MATERIAL SUPPLIED.
***
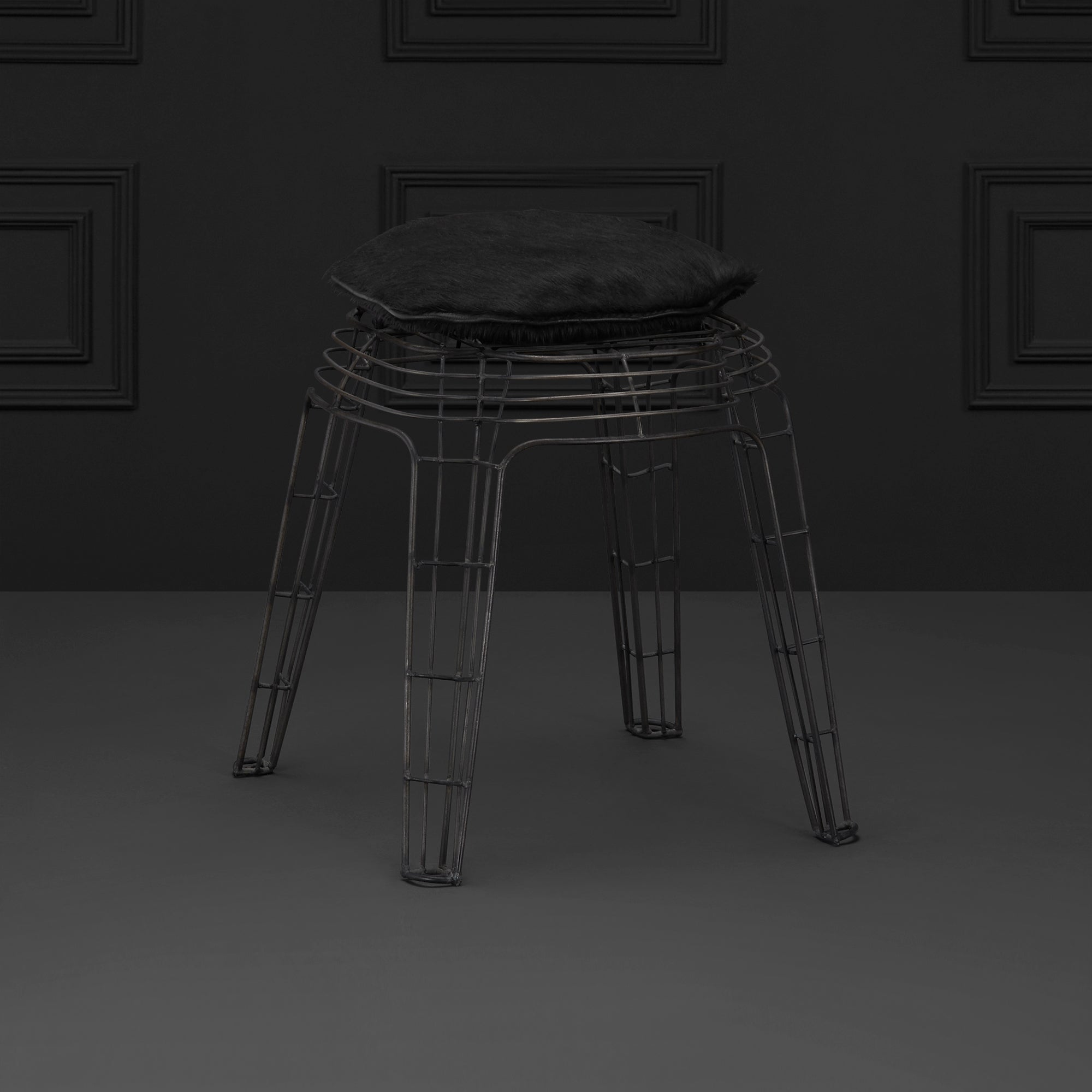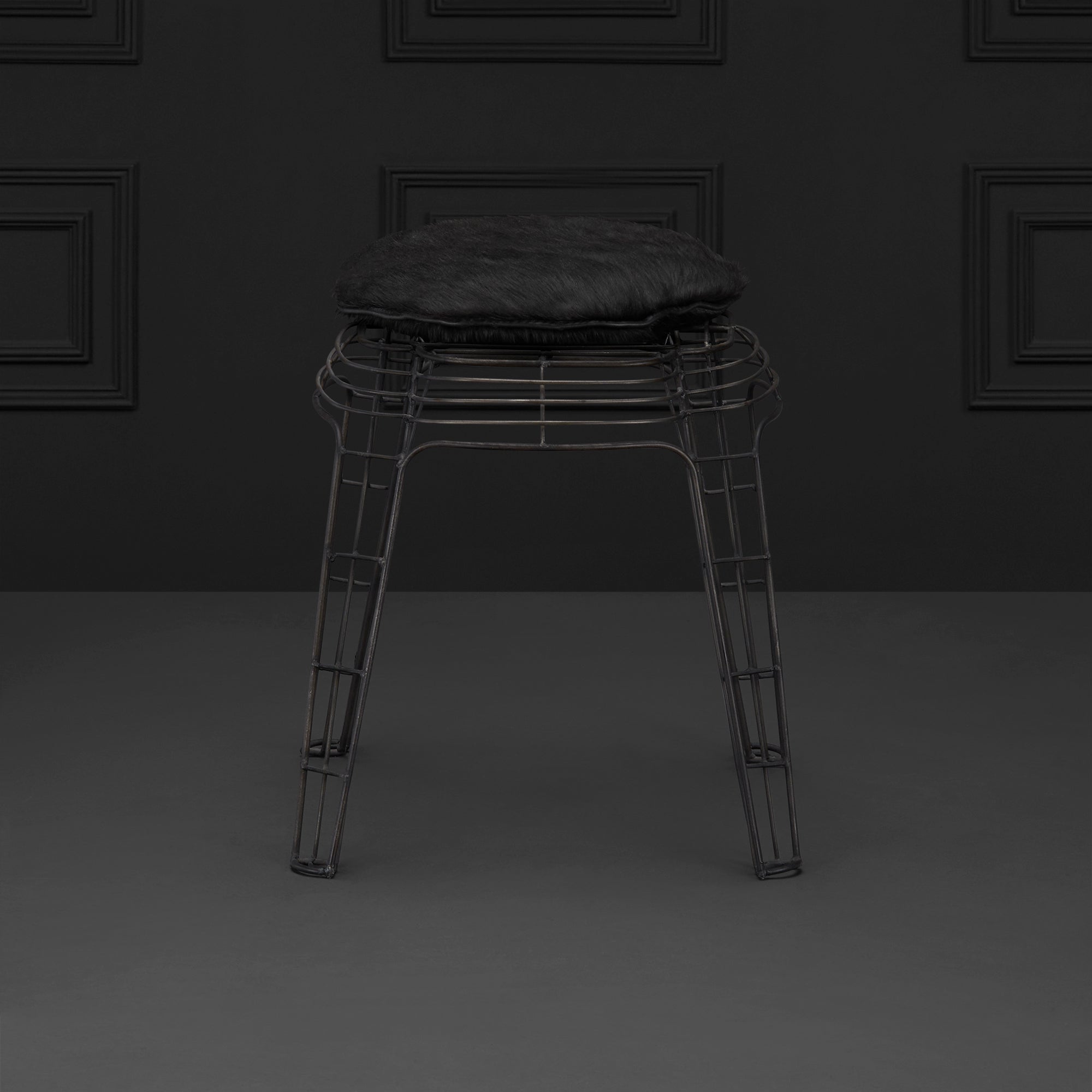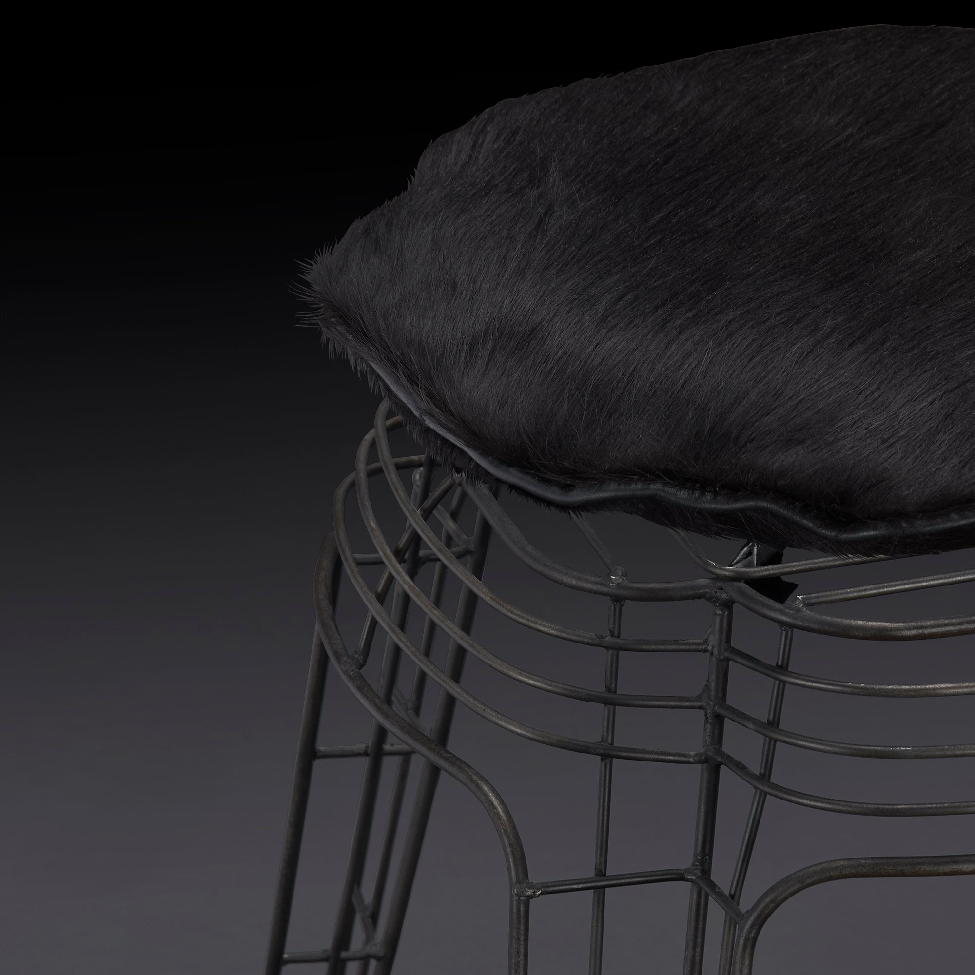 Banco elaborado a base de metal en tono mate, bajo el dominio de la técnica de manufactura tradicional en alambre, su diseño, color y sobre todo, la armonía que esta combinación provoca, la convierten en una excelente opción para darle aún más estilo a tu hogar, el cómodo cojín de asiento es de pelo natural en color negro.
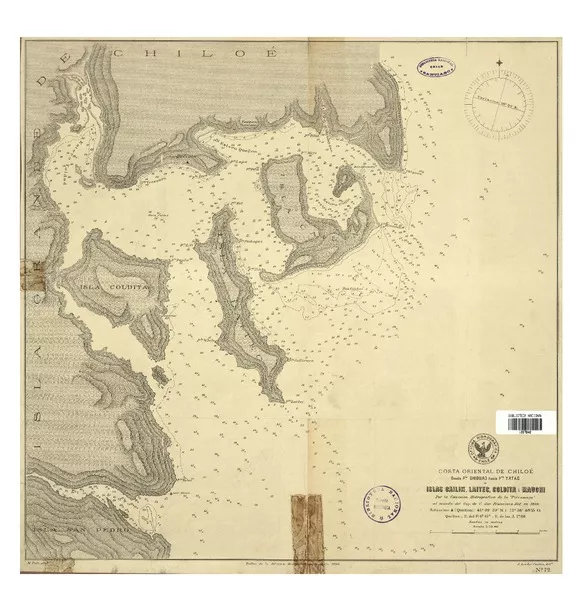 Costa oriental de Chiloé desde Pta. Chiguao hasta Pta. Yatac Islas Cailin, Laitec, Coldita, Mauchi [material cartográfico] : por la Comisión Hidrográfica de la "Pilcomayo" al mando del Cap. de C. don Francisco Nef, en 1896.
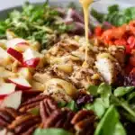 A colorful, nutritious salad combining shredded chicken with mixed greens, vibrant vegetables, and a sweet yet tangy honey mustard dressing.
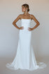 Elevate your wedding day in the Isla dress by Vagabond. This modern fit and flare gown is crafted from matte stretch crepe fabric with a boned bodice, giving structure to the look. The minimalist straps and ruched train add an elegant touch while the square neckline and button details add sophistication.
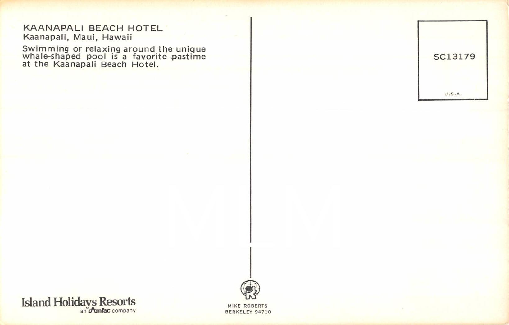 Kaanapali Beach Hotel, Maui, Hawaii Postcard
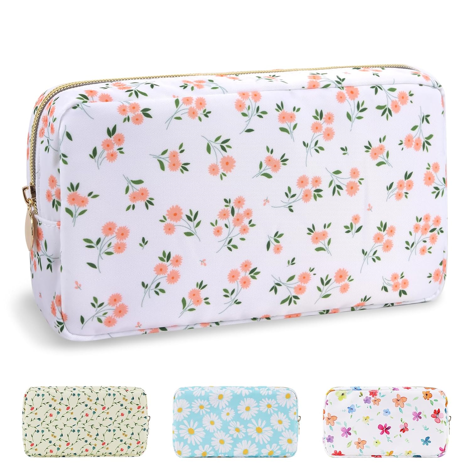 Waterproof Small Floral Makeup Bag Pouch for Purse,Nylon Flower Cosmetic Bag Preppy Travel Toiletry Storage Bag for Women Girl,Cute Makeup Organizer Bag Skincare Bag with Zipper(Small White-Flowers)
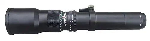 In photography, a long-focus lens is a camera lens which has a focal length that is longer than the diagonal measure of the film or sensor that receives its image.[1][2] It is used to make distant objects appear magnified with magnification increasing as longer focal length lenses are used. A long-focus lens is one of three basic photographic lens types classified by relative focal length, the other two being a normal lens and a wide-angle lens.[3] As with other types of camera lenses, the focal length is usually expressed in a millimeter value written on the lens, for example: a 500 mm lens. The most common type of long-focus lens is the telephoto lens, which incorporate a special lens group known as a telephoto group to make the physical length of the lens shorter than the focal length.[4]
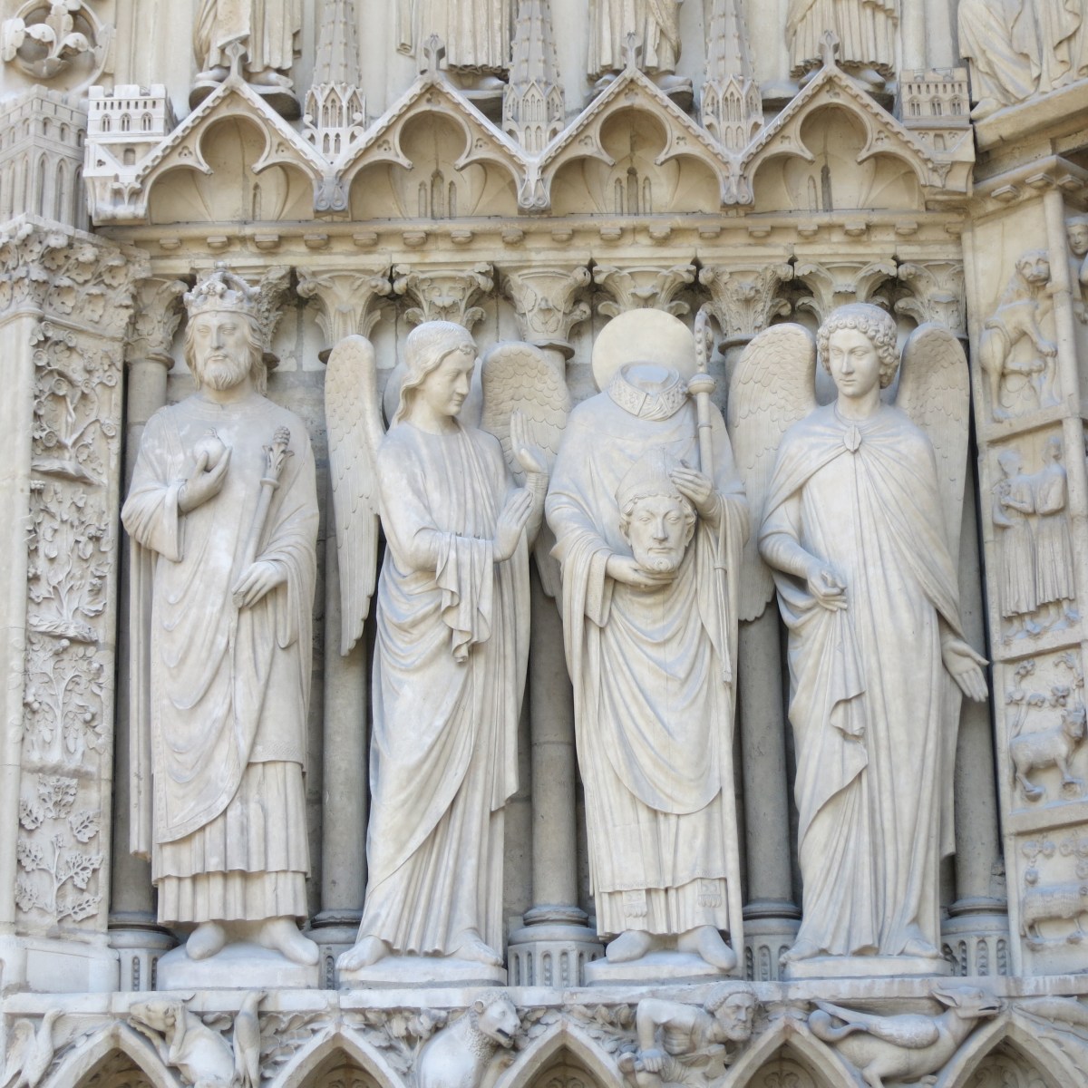 IMG_5690 Published October 7, 2014 at 2992 × 2992 in Arrival in Paris ← Previous Next → St Denis is the headless guy. The legend says he was decapitated, picked up his head, and walked 10k while preaching before he died.
***
PROBLEM TO SOLVE. With every picture omitted, write out the material exactly from its first line through the line containing "Costa oriental de".

SOLUTION TO THIS PROBLEM.
 Banco elaborado a base de metal en tono mate, bajo el dominio de la técnica de manufactura tradicional en alambre, su diseño, color y sobre todo, la armonía que esta combinación provoca, la convierten en una excelente opción para darle aún más estilo a tu hogar, el cómodo cojín de asiento es de pelo natural en color negro.
 Costa oriental de Chiloé desde Pta. Chiguao hasta Pta. Yatac Islas Cailin, Laitec, Coldita, Mauchi [material cartográfico] : por la Comisión Hidrográfica de la "Pilcomayo" al mando del Cap. de C. don Francisco Nef, en 1896.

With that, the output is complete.